The Bucknell Institute for Public policy held a panel discussion yesterday on the debt ceiling crisis. It was made up of six professors. The discussion started with Greg Meinke, discussing the topic of the summer, the debt ceiling, as well as the current topic being discussed in Washington, the “supercomitte”. Professor Meinke described the debt ceiling as the statutory limit on the amount of borrowing the treasury can issue. It exists as a cap which was established by Congress after World War I in order to give government more flexibility in issuing debt. Professor Meinke’s then discussed the significance of the super committee, which consists of twelve members, six Democrats and six Republicans chosen by party members in each party’s chamber. The goal of the super committee is to cut the deficit by $1.5 trillion over ten years. The super committee has to act by November 23 and Congress has to act by December 25, to implement a course of action agreed on. But if the committee fails to reach an agreement, there will be automatic spending cuts put in place in 2013.
Although both parties are not in favor of the spending cuts , it is very unlikely that the super committee will develop a debt reduction plan. There is a huge gap between the positions of the most partisan of the committee members and therefore in order to meet in the middle and compromise, the committee members would need to agree on a plan that contains elements that neither party supports. This is an ongoing problem in politics; republicans and democrats cannot agree or even disagree on actions which must be made. Similar issues between democrats and republicans arose in the discussion by Professor Wolaver. Professor Wolaver described health care costs, long term deficits and public financing in the US. In conclusion she states that, to address the growth in Medicare and Medicaid spending, we need specific policies to address system wide health care expenditures, the problem here is compromising on policies.

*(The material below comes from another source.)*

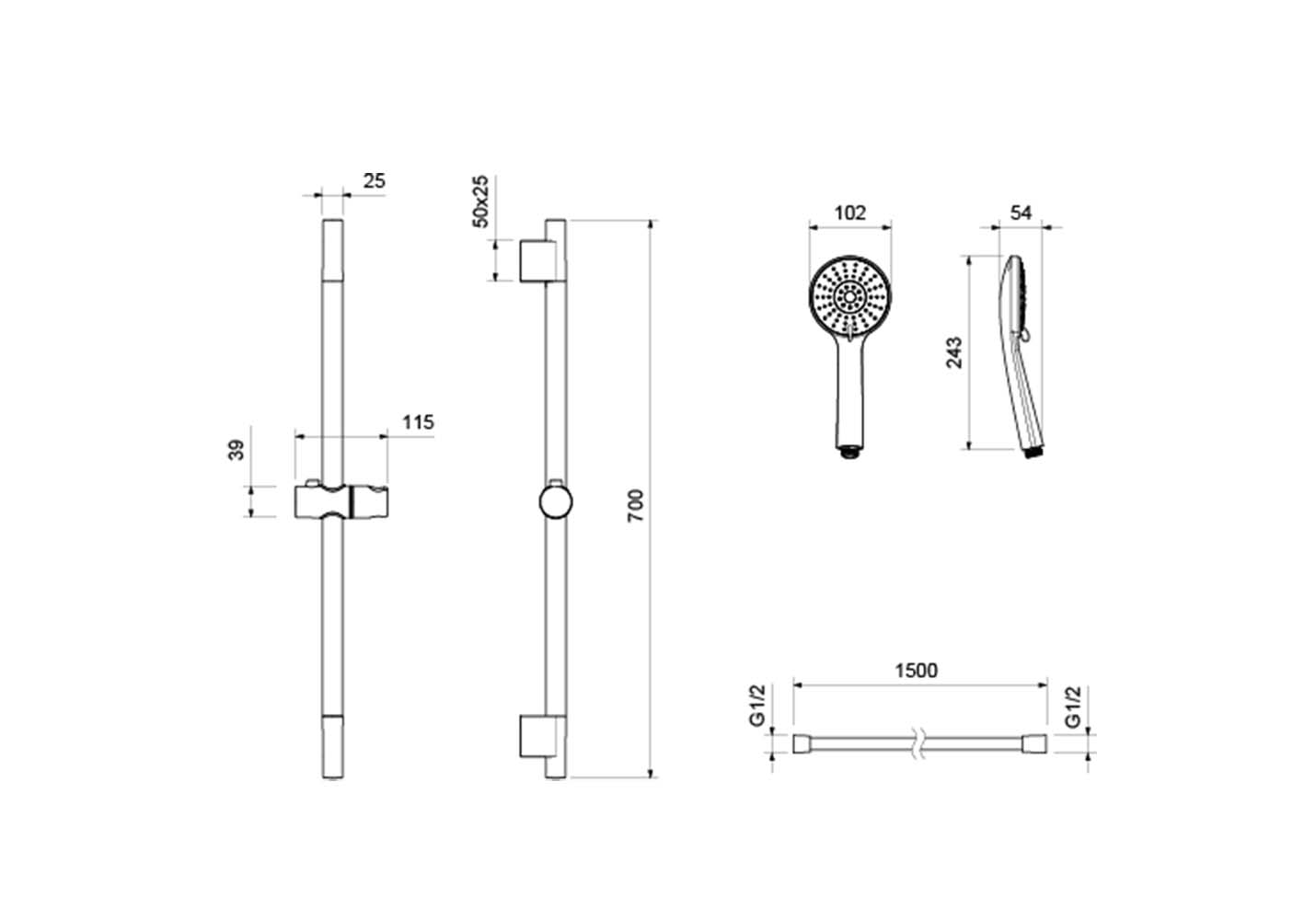 душевая штанга из нерж., ручной душ из пластика, 3 функции, душевой шланг из пластика, длина 1,5м,

Over all officials are faced with conflicting goals, they want the government to be smaller while they also want the government to do more. The reality is a much more complex situation than the debt debate we are having now. The public tends to be separated along party lines as the Democrats and Republicans want very different things therefore leading to a lack of middle ground between the political parties. This puts politicians in a difficult position because if they compromise they are turning their backs on the people who helped to get them elected. What should officials do in this situation, when faced two different political views? Should they address the debt issue in a long term way or try to make short term changes now?